The book, by Walter Isaacson (who has previously written biographies of those other great geniuses Benjamin Franklin and Albert Einstein), will now be called just: Steve Jobs. How boring.

*On its 40th birthday, Project Gutenberg is giving a gift to readers: a free, 15-page ebook about the history of the project, from its founding by Michael Hart in 1971 to the 36,000th free ebook, which was put online this year. The first text to be available by the project – which aimed to make books available to readers in much the same revolutionary way that Gutenberg's printing press did in the 16th century – was The United States Declaration of Independence, on 4 July 1971. Hart typed it in upper case, because there was no lower case on his computer, and alerted all of the 100 users of the pre-internet system that was then used. The file size was 5k, and was downloaded by six users.

*Caps off to this column's favourite equestrian, Clare Balding, whose agent has sold her memoir of childhood to Viking. The book will be called My Animals and Other Family, and is due for publication in September 2012.
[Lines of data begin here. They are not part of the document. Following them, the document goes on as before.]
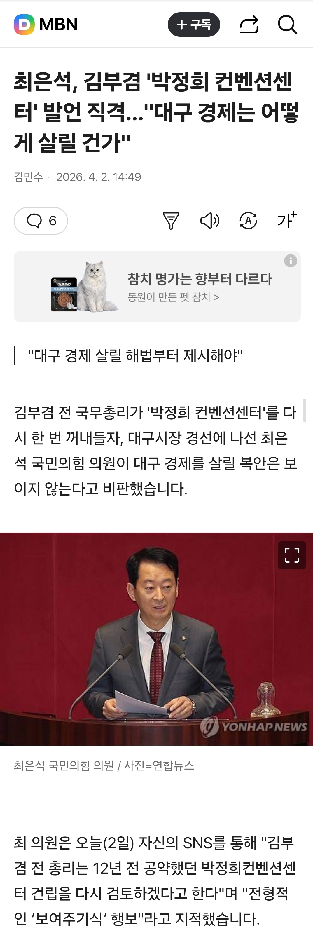 [기사]최은석, 김부겸 '박정희 컨벤션센터' 발언 직격…"대구 경제는 어떻게 살릴 건가" 작성자포도맛체리|작성시간26.04.02|조회수191 목록 댓글 3 글자크기 작게가 글자크기 크게가 《 우리 동네 목욕탕 / 닉네임 》 https://v.daum.net/v/20260402144926173 다음검색 현재 게시글 추가 기능 열기 북마크 공유하기 신고 센터로 신고 댓글 댓글 3 댓글쓰기 답글쓰기 댓글 리스트 작성자포도맛체리 작성자 본인 여부 작성자 | 작성시간 26.04.02 민주당이 먼저 분신사바해서 똥줄타나 작성자용과집사 | 작성시간 26.04.02 은석이 닥치자 작성자로시 | 작성시간 26.04.02 어쩌라구지들이 안한걸 꼭 증명하래 댓글 전체보기
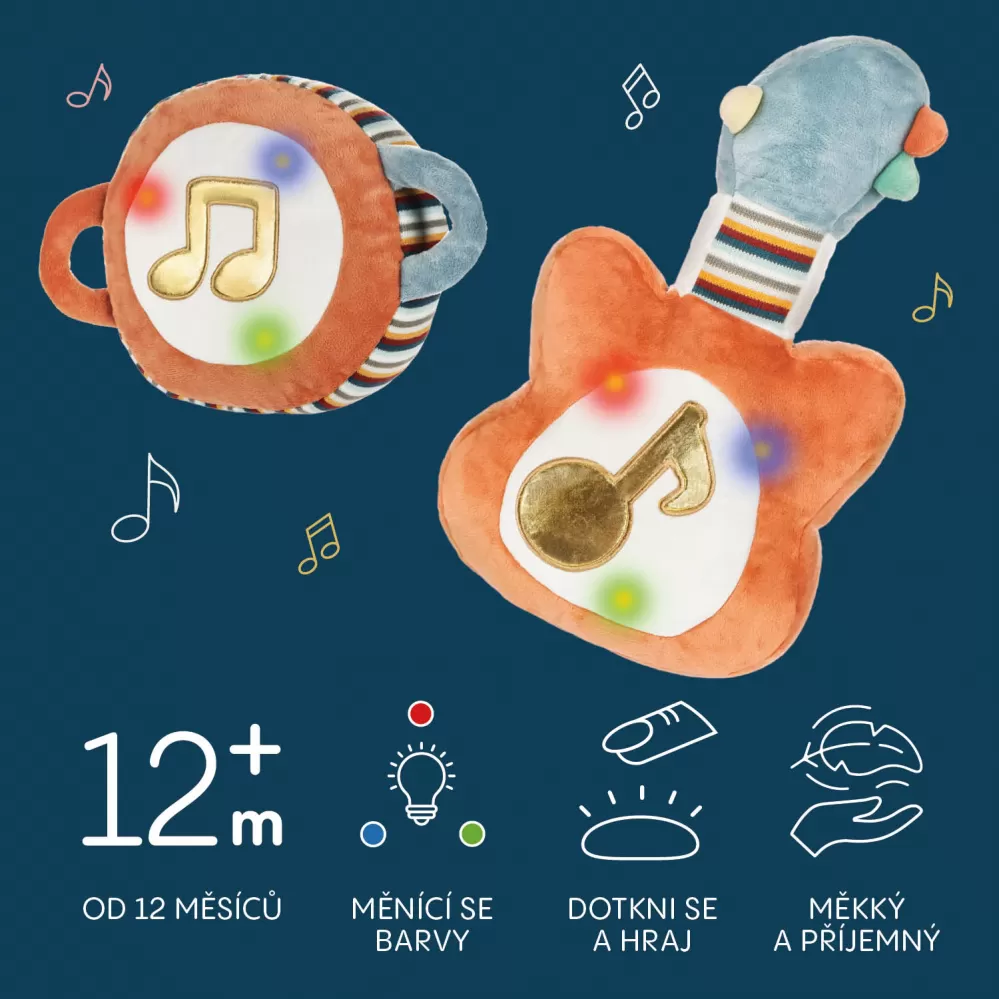 Objevte kouzlo hudby a rytmu s tímto interaktivním plyšovým nástrojem! Stačí lehké poklepání a rozezní se 16 veselých melodií. A to je teprve začátek! V interaktivním režimu se z vašeho drobečka stává malý skladatel. Poklepáváním během přehrávání melodií se zapojí bubnování, které se přizpůsobí tempu doteků. Tento hravý prvek přirozeně rozvíjí cit pro rytmus a zdokonaluje motorické dovednosti.
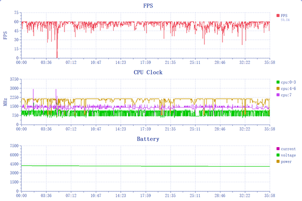 從結(jié)果來看,默認開啟性能模式的Note12 Turbo平均幀率59幀,前期的一定波動可能是由于資源加載問題,后期能明顯感受到整機溫度上升,但基本還是溫熱狀態(tài)下,戰(zhàn)斗場景較復(fù)雜的時候也會明顯的波動,不過總體都能保持流暢。

*And fascinators on for the novelist Amanda Craig, who has just heard that her novel Hearts and Minds (Little, Brown) has been reprinted for the fourth time this year, and who is also off to the Royal Garden Party this week. Craig has been asking friends what to wear to the glamorous occasion. We hear that suggestions from some author friends (Amanda Vickery, Susan Hill) have been more useful than those from others (Nick Cohen, Marcus Berkmann)...
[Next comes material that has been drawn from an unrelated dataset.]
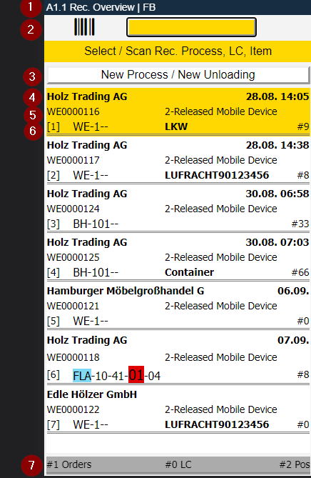 With the latest release we have implemented the first pages and features for the mobile warehouse reception on A1. The following sections describe the implementations in detail.
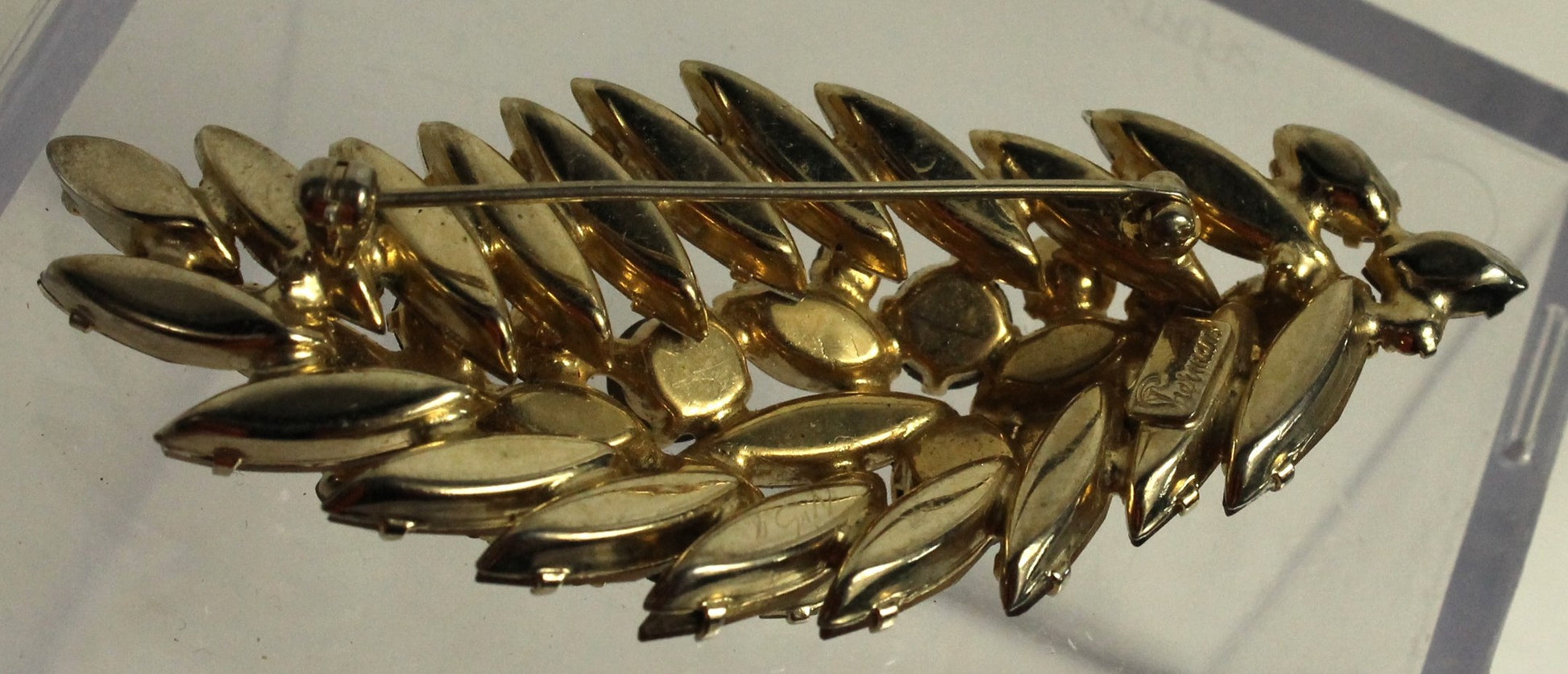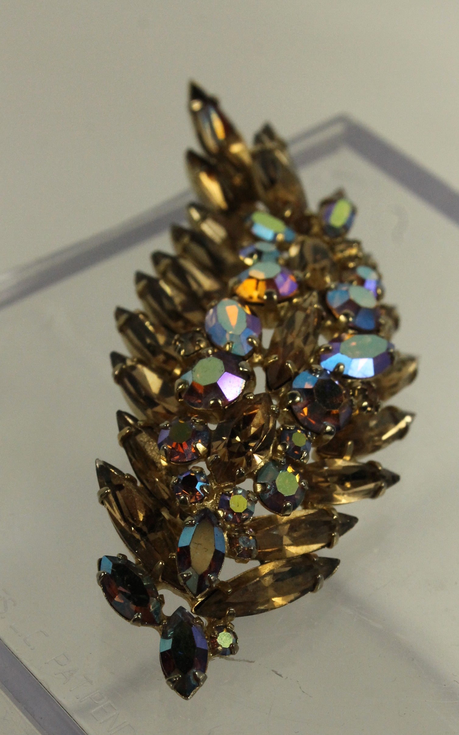 Spectacular Vintage Sherman Brooch - Champagne Topaz & Aurora Borealis AB Crystal Leaf/Feather Pin

*Congratulations, too, to The New Puritans, the group of 15 young authors including Nicholas Blincoe, Matt Thorne, Alex Garland, Toby Litt, Scarlett Thomas, Daren King, Geoff Dyer and Rebecca Ray who contributed to the All Hail the New Puritans anthology of short stories in 2000. (Though, as Blincoe points out, 10 years on some of them are more Middle-Aged Puritans now.) We're told that the anthology is to be the subject of an academic monograph dedicated to the group and its legacy, compiled by a team of 10 Spanish academics led by one Dr Jose Francisco Fernandez at the Universidad de Almeria. The project was based on the Danish Dogme 95 movement, and had a 10-point manifesto which promised textual simplicity, grammatical purity, linear narratives and absolutely no poetry. Bizarrely, it is not thought to have been the subject of a serious academic work to date. "We were going to demand 15 academics, so that we had one each," Blincoe tells The IoS. "But Daren would probably want two." We're just pleased that the Puritans are being hailed, at last.

*Commiserations, however, to the authors of News of the World? Fake Sheiks and Royal Trappings, whose Amazon bestsellers' ranking strangely dropped from 11,962 to 13,548 in the hour following the news of the paper's closure. Readers, you don't have to boycott everything with NotW in the title, you know.